Further developments to this model could include the incorporation of non-routine and pharmacogenetic markers (recently identified for GLP1-RA) [8], and additional glucose-lowering drug classes, in particular, off-patent sulfonylureas and pioglitazone to support the deployment of the algorithm in lower-income countries where the availability of newer medications may be limited. Assessment of semaglutide, a GLP-1RA with potent glycaemic effect excluded here due to low numbers prescribed during the period of data availability, and tirzepatide, a dual GIP and GLP-1 receptor agonist not currently available in the UK, is an important area for future research as our model may benefit from recalibration for these newer therapies. Although our ethnicity-specific validation suggests good performance in people of non-white ethnicity, setting and ethnicity-specific validation and optimisation would also improve future clinical utility. Given the possibility of selection bias due to non-random treatment assignment, validation in a dataset where individuals were randomised to therapy would further strengthen the evidence for model deployment. However, few active comparator trials of these two therapies have been conducted [24], and to our knowledge, none are available for data-sharing. Ultimately, research, likely in even larger datasets, is needed on whether individualised models for other short-and-long term outcomes beyond glycaemia, particularly cardiorenal disease, can further improve current prescribing approaches [25].
Finally, a limitation of our study is that despite being state-of-the-art and with a key advantage of allowing estimation of predictions with uncertainty, and so facilitating more transparent evaluation, the Bayesian causal forest methods we applied are subject to ongoing development in several key areas such as variable selection [9, 26], scalability, and handling of missing data [27].

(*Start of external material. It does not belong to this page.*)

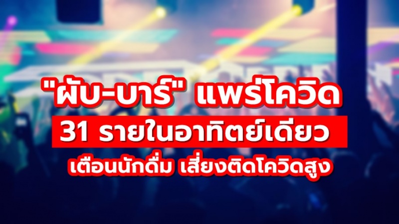 | • สธ.เจออีก "ผับ-บาร์" แพร่โควิด 31 รายในอาทิตย์เดียว เตือนนักดื่ม เที่ยวหนัก เสี่ยงติดโควิดสูง |

In conclusion, our study demonstrates a clear potential for targeted prescribing of GLP1-RA and SGLT2i to individual people with T2D based on their clinical characteristics to improve glycaemic outcomes, tolerability, and risk of microvascular complications. This provides an important advance on current T2D guidelines, which only recommend preferentially prescribing these therapies to individuals with, or at high risk of, cardiorenal disease, with no clear evidence to choose between the two drug classes. Precision T2D prescribing based on routinely-available characteristics has the potential to lead to more informed and evidence-based decisions on treatment for people with T2D worldwide in the near future.
Methods
Study population
Patients with type 2 diabetes initiating SGLT2i and GLP1-RA therapies between 1 January 2013 and 31 October 2020 were identified in the UK Clinical Practice Research Datalink (CPRD) Aurum dataset [28], following our previously published cohort profile [29] (see GitHub: Exeter-Diabetes/CPRD-Codelists for the codelists used). We excluded patients that were prescribed either therapy as first-line treatment (not recommended in UK guidelines) [30], those co-treated with insulin, and those with a diagnosis of end-stage renal disease (ERSD) (sFlowchart 1). Due to the low numbers of eligible patients we also excluded individuals initiating the GLP1-RA semaglutide (n=784 study eligible with outcome HbA1c recorded)) [31]. This final CPRD cohort was randomly split 60:40 into development and hold-back validation sets, maintaining the proportion of individuals receiving SGLT2i and GLP1-RA in each set.
Additional cohorts
The same eligibility criteria were applied to define an independent population in Scotland for model validation (SCI-Diabetes [Tayside & Fife] [32], containing longitudinal observational data on biochemical investigations and prescriptions). To assess reproducibility of differences in HbA1c response by sex with GLP1-RA therapy, we accessed individual-level data on participants initiating the GLP1-RAs Albiglutide and Liraglutide in the HARMONY clinical trial programme, an international randomised placebo-controlled trial designed to evaluate the cardiovascular benefit of Albiglutide with type 2 diabetes [11], and the PRIBA prospective cohort study (United Kingdom 2011-2013) [7], designed to test whether individuals with low insulin secretion have lesser glycaemic response to incretin-based treatments.
Outcomes
The primary outcome was achieved HbA1c at twelve months post-drug initiation for individuals who remained on unchanged glucose-lowering therapy. Given the variability in the timing of follow-up testing in UK primary care, this outcome was defined as the closest eligible HbA1c value to 12 months (within 3–15 months) after initiation to maximise sample size. To allow for potential differential effects of follow-up duration on HbA1c, we included an additional covariate to capture the month post-initiation that the HbA1c value was recorded.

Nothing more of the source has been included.